[Stored records]
<<<<
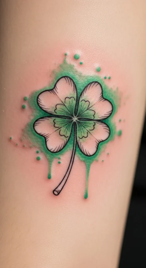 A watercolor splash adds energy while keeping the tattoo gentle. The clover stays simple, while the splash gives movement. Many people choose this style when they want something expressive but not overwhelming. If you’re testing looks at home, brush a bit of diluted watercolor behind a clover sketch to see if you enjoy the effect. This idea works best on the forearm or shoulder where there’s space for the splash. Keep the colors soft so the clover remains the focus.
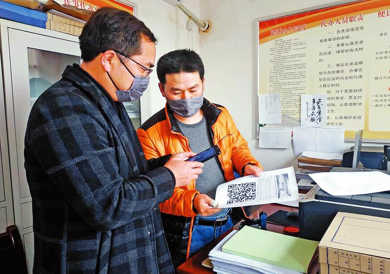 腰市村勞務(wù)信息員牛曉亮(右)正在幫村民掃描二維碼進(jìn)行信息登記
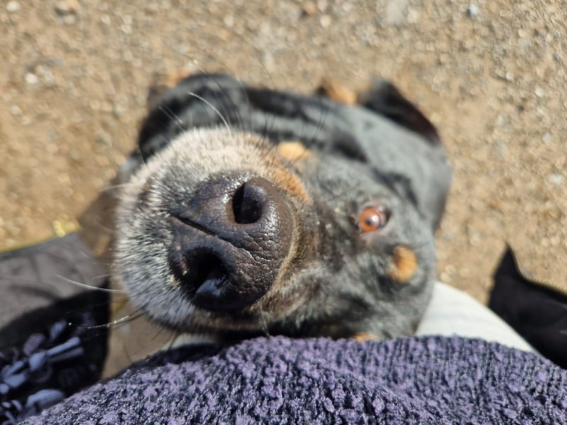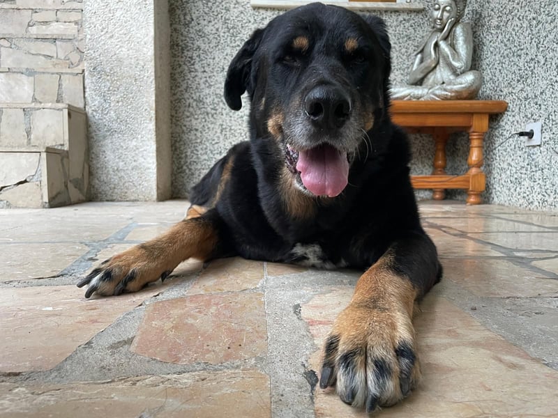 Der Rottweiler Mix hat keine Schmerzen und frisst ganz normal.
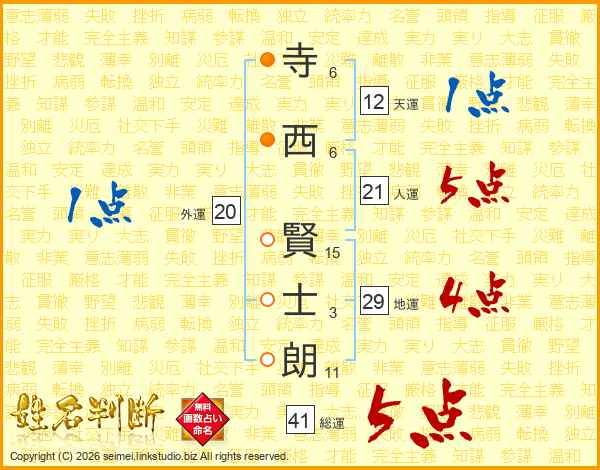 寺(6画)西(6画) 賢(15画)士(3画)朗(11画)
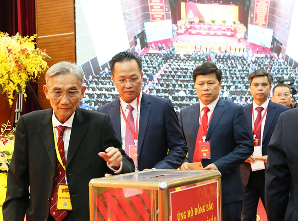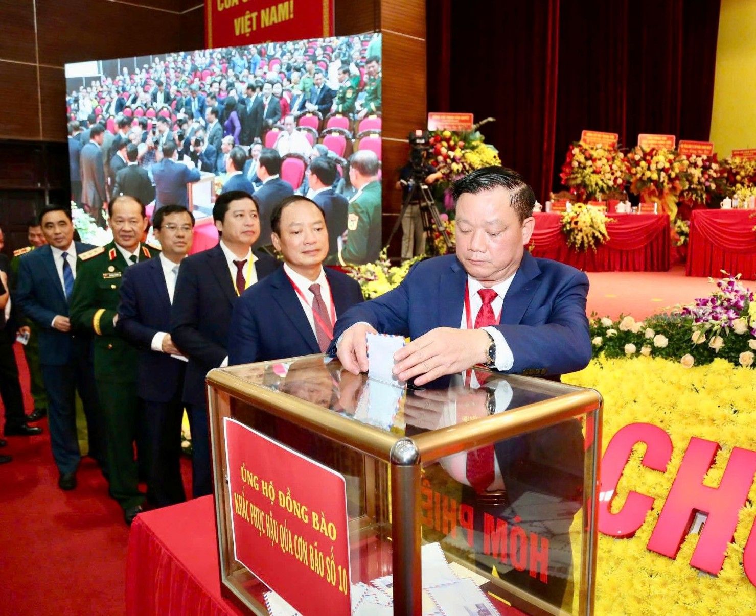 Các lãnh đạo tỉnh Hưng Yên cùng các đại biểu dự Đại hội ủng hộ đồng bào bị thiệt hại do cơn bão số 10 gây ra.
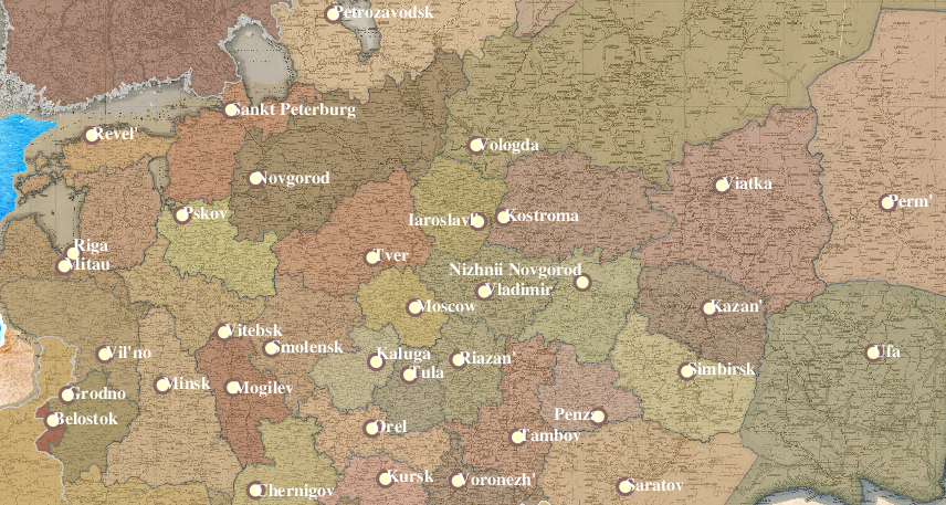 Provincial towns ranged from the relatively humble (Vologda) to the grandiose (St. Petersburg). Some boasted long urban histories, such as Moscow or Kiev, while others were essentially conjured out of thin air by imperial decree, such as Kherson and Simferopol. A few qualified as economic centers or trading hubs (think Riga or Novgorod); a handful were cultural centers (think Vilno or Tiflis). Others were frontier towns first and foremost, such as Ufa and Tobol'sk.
>>>>
▶ [What to work on]: The records above are to be copied exactly, with no pictures carried over.

▶ [Written solution]:
 A watercolor splash adds energy while keeping the tattoo gentle. The clover stays simple, while the splash gives movement. Many people choose this style when they want something expressive but not overwhelming. If you’re testing looks at home, brush a bit of diluted watercolor behind a clover sketch to see if you enjoy the effect. This idea works best on the forearm or shoulder where there’s space for the splash. Keep the colors soft so the clover remains the focus.
 腰市村勞務(wù)信息員牛曉亮(右)正在幫村民掃描二維碼進(jìn)行信息登記
 Der Rottweiler Mix hat keine Schmerzen und frisst ganz normal.
 寺(6画)西(6画) 賢(15画)士(3画)朗(11画)
 Các lãnh đạo tỉnh Hưng Yên cùng các đại biểu dự Đại hội ủng hộ đồng bào bị thiệt hại do cơn bão số 10 gây ra.
 Provincial towns ranged from the relatively humble (Vologda) to the grandiose (St. Petersburg). Some boasted long urban histories, such as Moscow or Kiev, while others were essentially conjured out of thin air by imperial decree, such as Kherson and Simferopol. A few qualified as economic centers or trading hubs (think Riga or Novgorod); a handful were cultural centers (think Vilno or Tiflis). Others were frontier towns first and foremost, such as Ufa and Tobol'sk.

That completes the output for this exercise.